After the end of World War II, Ulbricht re-organized the German Communist Party in the Soviet occupation zone along Stalinist lines. He played a key role in the forcible merger of the KPD and SPD into the Socialist Unity Party of Germany (SED) in 1946. He became the First Secretary of the SED and effective leader of the recently established East Germany in 1950. The Soviet Army occupation force violently suppressed the uprising of 1953 in East Germany on 17 June 1953, while Ulbricht hid in the Soviet Army headquarters in Berlin-Karlshorst. East Germany joined the Soviet-controlled Warsaw Pact upon its founding in 1955. Ulbricht presided over the total suppression of civil and political rights in the East German state, which functioned as a communist-ruled dictatorship from its founding in 1949 onward.

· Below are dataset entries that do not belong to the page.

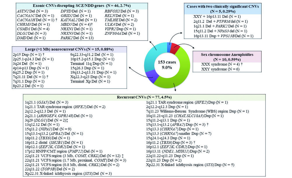 Figure shows clinically significant (or pathogenic) copy number variations (CNVs) identified in patients with schizophrenia. 158 CNVs were detected in 153 of 1699 patients (9.0%). Five patients had two clinically significant CNVs. The CNVs were classified into four categories: 1) sex chromosome aneuploidies, 2) recurrent CNVs, 3) large nonrecurrent CNVs, and 4) exonic CNV disrupting SCZ/NDD genes. Number and % frequency of each category are presented in parentheses. † indicates that de novo CNV was detected in one patient, and ‡ indicates that de novo CNV was detected in two patients. Abbreviations: Del: deletion; Dup: duplication; NDD: neurodevelopmental disorder; SCZ: schizophrenia
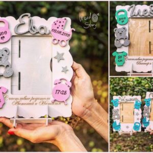Intra απο ξύλο plywood 3mm-4mm πάχος - Πρότυπο κορνίζας φωτογραφιών μετρήσεων γέννησης παιδιού Δίασταση 30x30 cm Intraeaxys-075yqv0o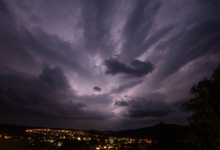 Občas došlo i k výše již vzpomenuté výjimce, když ojedinělý blesk přece jen zamířil dolů k zemi. Popsané dění utichlo ještě do půlnoci. Teprve okolo třetí hodiny ranní se přihnala další bouřková vlna, tentokrát již mohem blíže a především s doprovodem lijáku, jenž jistě vítaně osvěžil celodenním dusnem zkoušenou krajinu a, jak už to bývá, úžasně pročistil vzduch.

The nationalization of East German industry under Ulbricht failed to raise the standard of living to a level comparable to that of West Germany. The result was massive emigration, with hundreds of thousands of people fleeing the country to the west every year in the 1950s. When Soviet Premier Nikita Khrushchev gave permission for a wall to stop the outflow in Berlin, Ulbricht had the Berlin Wall built in 1961, which triggered a diplomatic crisis and succeeded in curtailing emigration. The failures of Ulbricht's New Economic System and Economic System of Socialism from 1963 to 1970 led to his forcible retirement for "health reasons" and replacement as First Secretary in 1971 by Erich Honecker with Soviet approval. Ulbricht suffered a stroke and died in 1973.